JUSTICE MINISTER Alan Shatter has attacked a newspaper article published today in which it is claimed that Enda Kenny asked him to ‘meddle’ in a family law case which was going through the courts at the time.
The article, featuring in today’s Sunday Independent, discusses correspondence between Kenny and Shatter earlier this year, when Kenny forwarded a letter written by a constituent dealing with the legal case.
The article – headlined, ‘Kenny asks Shatter to meddle in family case’ – reports that Shatter ultimately responded by telling the Taoiseach it would be “inappropriate” and “entirely improper” for a member of the government to intervene in such a court case.
“This is a gross misrepresentation of the correspondence that took place,” Shatter said in a 979-word statement issued this lunchtime.
Shatter said Kenny had forwarded the constituent’s letter to him, saying: ““I would be grateful if you could examine the points raised in [the constituent's] letter and if you could advise me in due course.”
Shatter said Kenny had never asked him “to meddle” or intervene in the case as had been alleged in the newspaper.
“He merely requested ‘that I “examine the points raised” in the constituent’s letter and “advise him in due course”‘ as to the appropriate reply,” Shatter said.

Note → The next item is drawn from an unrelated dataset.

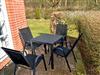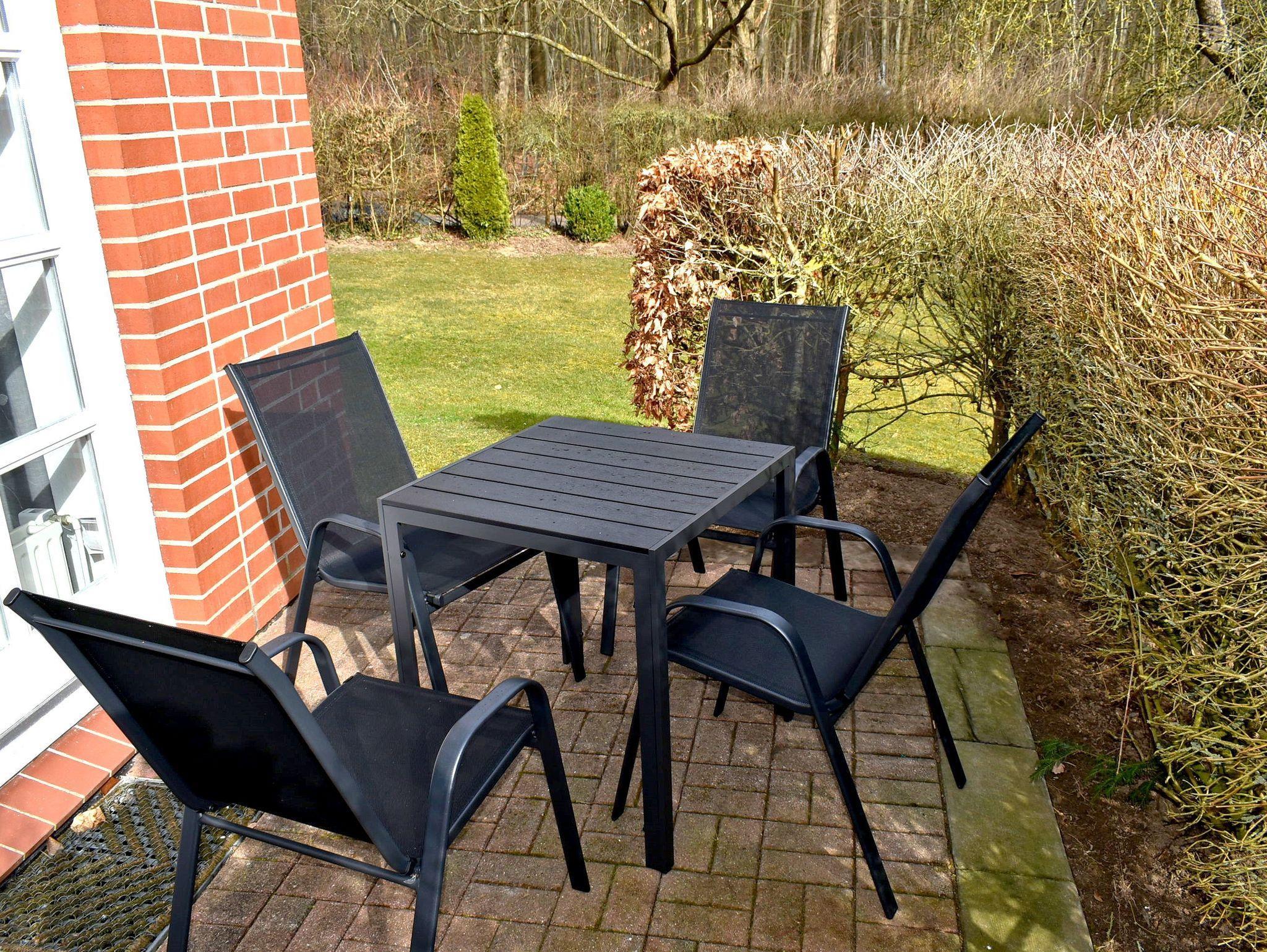 Terrasse: 4 Stühle, Tisch, Sonnenschirm

The minister also said the paper’s reference to “court registry records” was inaccurate, because the letter had actually discussed “land registry records”, but insisted he had not told the Taoiseach it was improper for him to intervene:
I stated in my response to the Taoiseach that “I hope” that his constituent “understands it would be entirely improper for a Member of Government to intervene in any way with Land Registry Records”.
Shatter further said the Taoiseach’s constituent was not a party in the case, which Shatter said had been suggested by the newspaper article, and said the use of the word “case” in the letters had been “deliberately misrepresented” to refer to a family law court case when the constituent was not party to any court case.
“Having accessed correspondence pursuant to a Freedom of Information request, it is clear the Sunday Independent corrupted the content of that correspondence to fabricate a contrived sensational story to generate a front page headline for the paper’s commercial benefit,” Shatter said.
This was deliberately done to damage the Taoiseach’s reputation, to represent me as having admonished the Taoiseach in some way, and to attract critical comment from Oireachtas members who had not read the correspondence concerned.
This is a reference to comments from Fianna Fáil’s justice spokesman Niall Collins, who is quoted in the article as describing the letters as “an outrageous failure of judgement”.
I am assuming that appropriate steps will be taken by the Sunday Independent and Independent Newspapers to address the fictional presentation presented on the front page of this morning’s paper, to publish an appropriate apology and to correct the record.